Цена ошибки - Страница 9
Бородач представился как антрополог и член общества креационной науки. Сказал, что студенты просили его от лица всего факультета рассказать, как он пришел к жизни такой и каково его мнение по вопросу истории животного мира на нашей Земле.
Антон больно толкнул отца локтем в бок:
– Герр профессор, а ты сам что думаешь об этом?
– Тихо! – поморщился Игорь. – Давай поговорим потом. Сейчас надо слушать.
Люди довольно часто смешивают два понятия – «говорить» и «слушать», соединяя их в одно. А они мешают друг другу в симбиозе.
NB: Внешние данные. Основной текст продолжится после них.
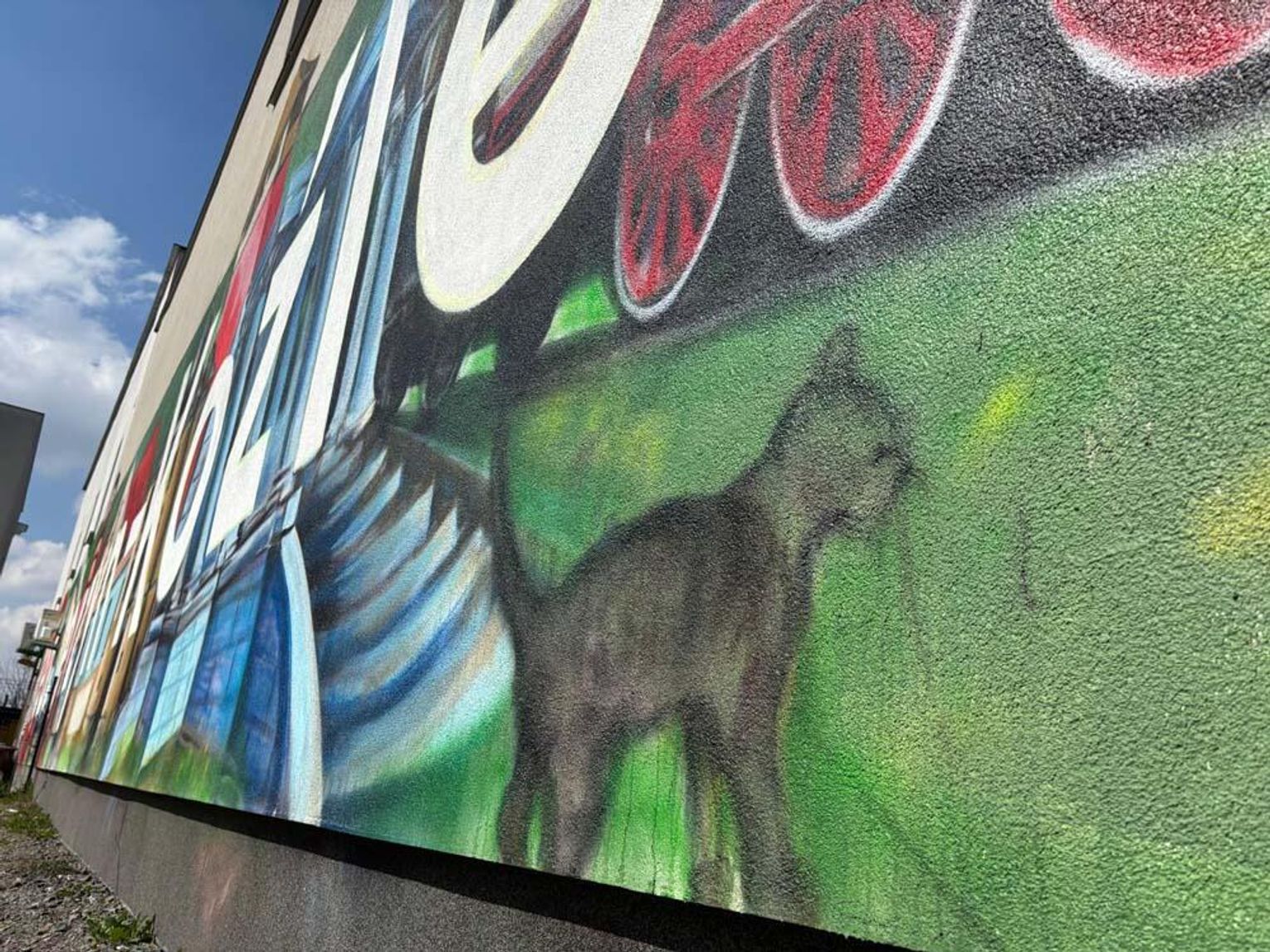 Malowidło znajduje się na bocznej ścianie Miejskiego Zarządu Budynków Komunalnych i jest doskonale widoczne z al. Jana Pawła II. Oprócz nazwy miasta przedstawia najbardziej charakterystyczne miejsca: kościół pw. św. Zygmunta i św. Jadwigi Śląskiej, Urząd Miasta, Starostwo Powiatowe, Basztę Montalemberta, halę sportową „Śródmieście”, dworzec PKP, sławięcicki Belweder i ruiny pałacu, kozielską basztę oraz zabytkową lokomotywę.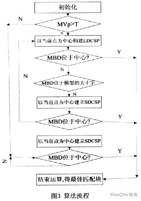 Step 5:用LDCSP在搜索區(qū)域中心及周圍5個點進行匹配運算,然后判斷,找出MBD點。若MBD點位于中心點,所得MBD點為所求;否則繼續(xù)Step 5。算法流程圖如圖3所示。
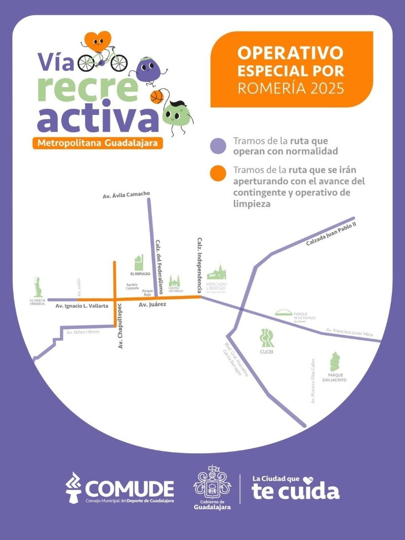 Debido al paso de la Romería de la Virgen de Zapopan, que por primera vez se llevará a cabo en domingo desde el cambio de su ruta en 2015, la Vía RecreActiva de Guadalajara tendrá algunas modificaciones, recordó este viernes el Consejo Municipal del Deporte (Comude) Guadalajara.Informó que el paseo dominical sí operará para el disfrute de las y los usuarios, aunque en su arranque tendrá algunos tramos cerrados. Por ejemplo, el trayecto de la Calzada Independencia hasta la avenida Unión tendrá cierres, así como el ramal de Avenida Chapultepec, entre Justo Sierra y Avenida Niños Héroes."Conforme avance el contingente de peregrinos y el equipo de Aseo Público y Limpia Guadalajara pasen con el operativo de limpieza, se irán reabriendo esos tramos. Se prevé que a partir de las 09:00 horas se abra la Vía en el tramo de la Calzada a Federalismo; a las 10:00 horas, de Federalismo a Chapultepec, y una hora después, el tramo restante", dijo la dependencia municipal.El Comude Guadalajara tiene previsto que a las 11:00 horas el paseo dominical esté restablecido en su totalidad. Respecto a las actividades que se realizan en los espacios públicos que están sobre el trayecto de la Vía, no sufrirán cambios, añadió.Incluso, el Consejo publicó las actividades que la Vía RecreActiva tendrá este domingo en parques y plazas aledañas al trayecto, como el Parque San Jacinto, donde habrá quemados, baile retro, ping pong y baile folclórico, así como módulos informativos.En el Parque Clemente Orozco habrá enseñanza de tejido; mientras que en el Jardín del Carmen, un taller de danza y cultura prehispánica."Cada domingo, los 31 kilómetros de Vía RecreActiva que tiene Guadalajara recibe, aproximadamente, a 110 mil usuarios. Para mayor información sobre las actividades y cierres, se pueden consultar las redes sociales del Comude", recordó la dependencia.Los tramos se irán aperturando conforme pase el contingente de peregrinos y el operativo de limpieza. NA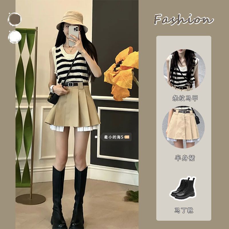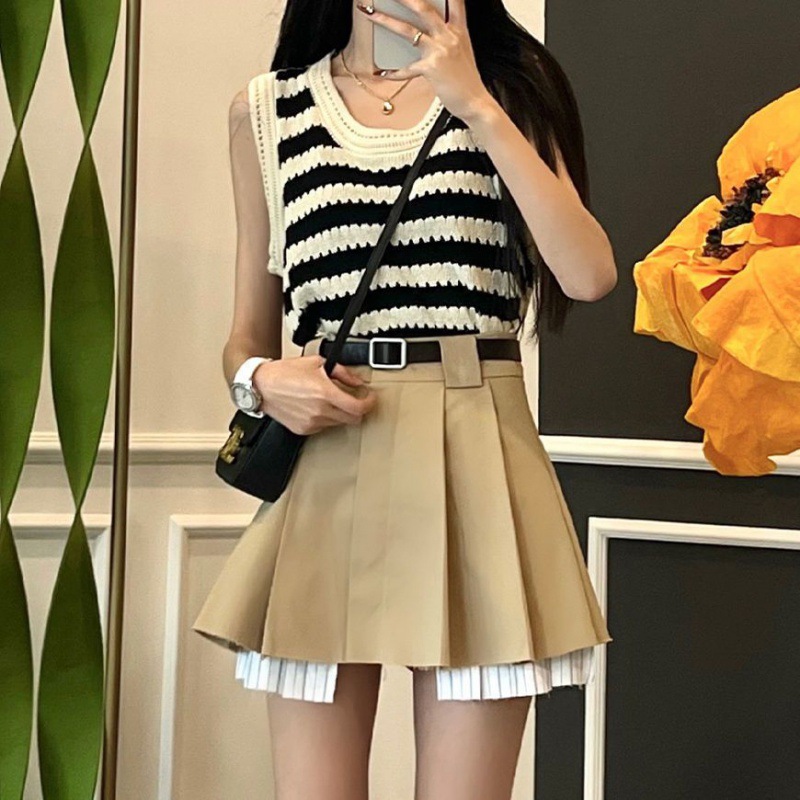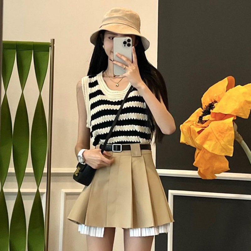 | nameOriginal | Casual suit Women's Summer Fashion Korean Style Slimming Sweet Spice Girl Stylish Striped Vest Pleated Skirt Two-piece Set |

Голая Спинка отрешенно любовалась на своих улиток. До музея ей не было никакого дела. И зачем пришла?… А зачем пришел сюда профессор? Известный трансплантолог Игорь Васильевич Лазарев…
Экскурсовод заговорил:
– Мы все долго были приучены к эволюционной теории развития нашей планеты, в основе которой – учение Дарвина, автора широко известной гипотезы об эволюции. Мы выросли на этой теории. Она опирается на обычную изменчивость видов, которую мы наблюдаем.
Изменчивость видов, задумчиво повторил про себя профессор. Нуда, все правильно… И он сам, как вид, взятый совершенно отдельно, отрезанный от всех индивид, эгоистичный и глупый, внезапно изменился. Вчера. Когда в кабинет явилась эта поддатая бабенка и принялась стонать и вопить…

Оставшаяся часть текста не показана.